À compter de ce samedi, de nouvelles règles entrent en vigueur pour les professionnels du bâtiment et de l’équipement de la maison, afin de protéger les consommateurs.

Les serruriers mais aussi les plombiers ou les électriciens doivent désormais afficher leurs tarifs sur leur site internet
Les serruriers mais aussi les plombiers ou les électriciens doivent désormais afficher leurs tarifs sur leur site internet © Maxppp / Alexis Christiaen

Qu’il s’agisse de dépannage, de réparation ou d’entretien dans le secteur du bâtiment et de l’équipement de la maison, les consommateurs font souvent face à des arnaques. Plus de 9.000 plaintes sont déposées chaque année auprès de la DGCCRF (Direction générale de la concurrence, de la consommation et de la répression des fraudes). C’est trois fois plus que pour des arnaques chez le garagiste ou de téléphonie mobile.

Des tarifs publiés sur internet

Pour y remédier, les professionnels doivent dorénavant remettre des devis à leurs clients, peu importe le montant de la prestation, avant l’intervention. Le devis et l’ordre de réparation doivent être regroupés dans le même document. L’arrêté du 24 janvier 2017, qui entre en vigueur ce samedi, oblige également les professionnels à publier leurs tarifs sur internet, qui doivent être "facilement accessibles". Les frais de déplacement, le taux horaire de la main d’œuvre, les modalités de décompte du temps estimé, les prix des prestations forfaitaires doivent donc être clairement indiquées.

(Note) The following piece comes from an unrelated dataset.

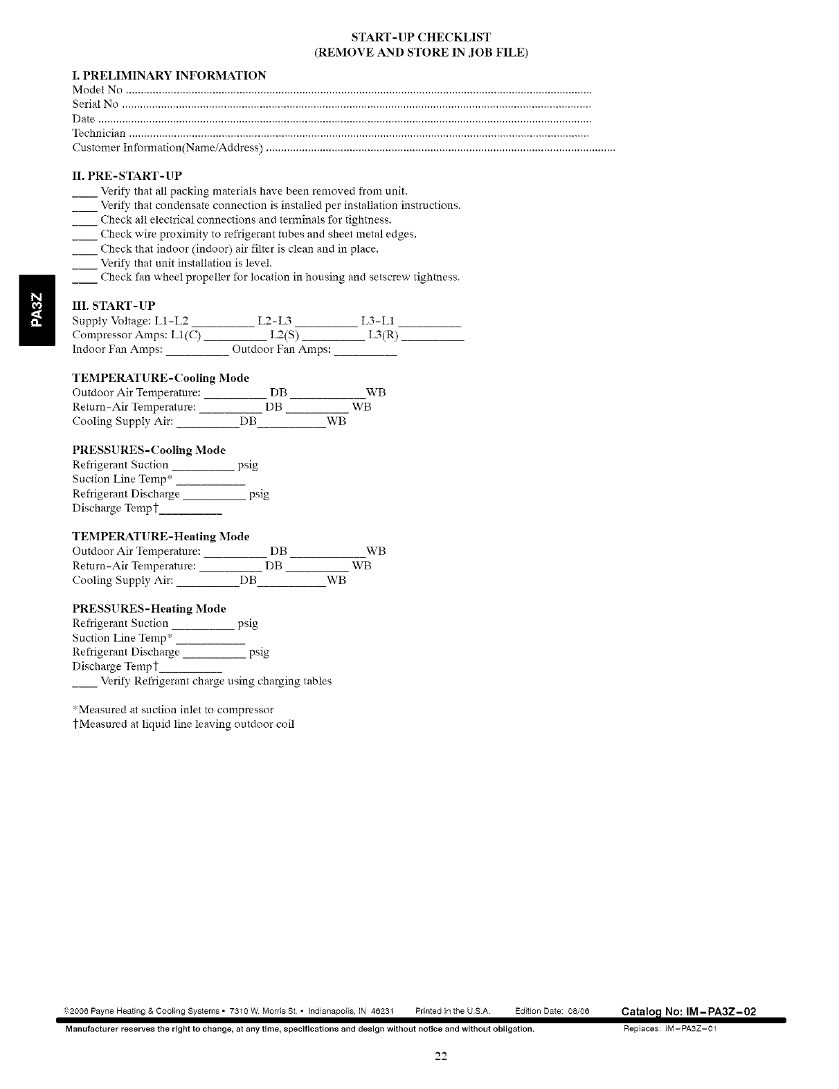 2006 Payne Heating & Cooling Systems • 7310 W Morris St * Indianapolis, IN 46231 Printed in the USA. Edition Date: 08/06

Les prestations réalisées à distance ou au domicile des personnes sont à présent différenciées des prestations conclues dans les locaux des professionnels. Pour une intervention à distance ou à domicile, le délai de rétractation est allongé (14 jours au lieu de 7) et le professionnel ne peut recevoir de paiement ou de contrepartie avant un délai de sept jours. Des mesures qui s’appliquent aussi pour le dépannage en cas d’urgence. Tous les professionnels du secteur sont concernés : les artisans, les sociétés artisanales ou commerciales et les auto-entrepreneurs.

50% des professionnels contrôlés non conformes

Avec ces mesures, la DGCCRF espère limiter les abus des professionnels du secteur. En 2016, 50% des professionnels contrôlés n’étaient pas conformes. Les agents ont relevé des défauts d’information sur les prix des prestations mais aussi des pratiques commerciales trompeuses voire agressives : pas moins de 100 procès-verbaux ont été dressés l’an dernier.

Lors d’une intervention à domicile, les consommateurs sont souvent peu informés sur leurs droits, ils sont parfois en situation de faiblesse, d’autant plus lorsque la réparation doit être effectuée dans l’urgence. Ce sont les grandes agglomérations de Paris, Lyon, Marseille et Bordeaux qui sont les plus concernées par les pratiques frauduleuses. Et la majorité des plaintes concerne les serruriers.

Ce qu’en pense l’UFC-Que choisir

Si en théorie, cet arrêté est plutôt positif et permet de renforcer quelques obligations qui incombent aux dépanneurs, il a aussi ses limites pour l’UFC-Que choisir. Le problème concerne essentiellement les situations d’urgence où bien souvent, le consommateur signe le devis en même temps que la facture. "Normalement, le devis devrait être signé et accepté par le consommateur préalablement à toute intervention. Cet arrêté renforce cette obligation, mais en pratique, on sait qu’un certain nombre de dépanneurs agissent, interviennent et donnent des prix par oral. Le devis est signé après intervention", explique Arnaud de Blauwe, rédacteur en chef adjoint de l’UFC-Que choisir.

Arnaud de Blauwe conseille donc à tous les consommateurs de bien demander le devis avant l’intervention, même en cas d’urgence car il est "extrêmement compliqué" de prouver devant le juge que le consommateur a signé le devis après l’intervention. Le devis doit être très détaillé et indiquer le coût horaire de la main d’œuvre, le prix des pièces utilisées pour l’intervention, le coût du déplacement pour éviter les mauvaises surprises et les nombreux témoignages recueillis par l'association de consommateurs. "On a des factures pour un changement de serrure qui peuvent monter jusqu’à 3 000 euros, ce qui est totalement abusif", a ajouté le rédacteur en chef adjoint de l’UFC-Que choisir.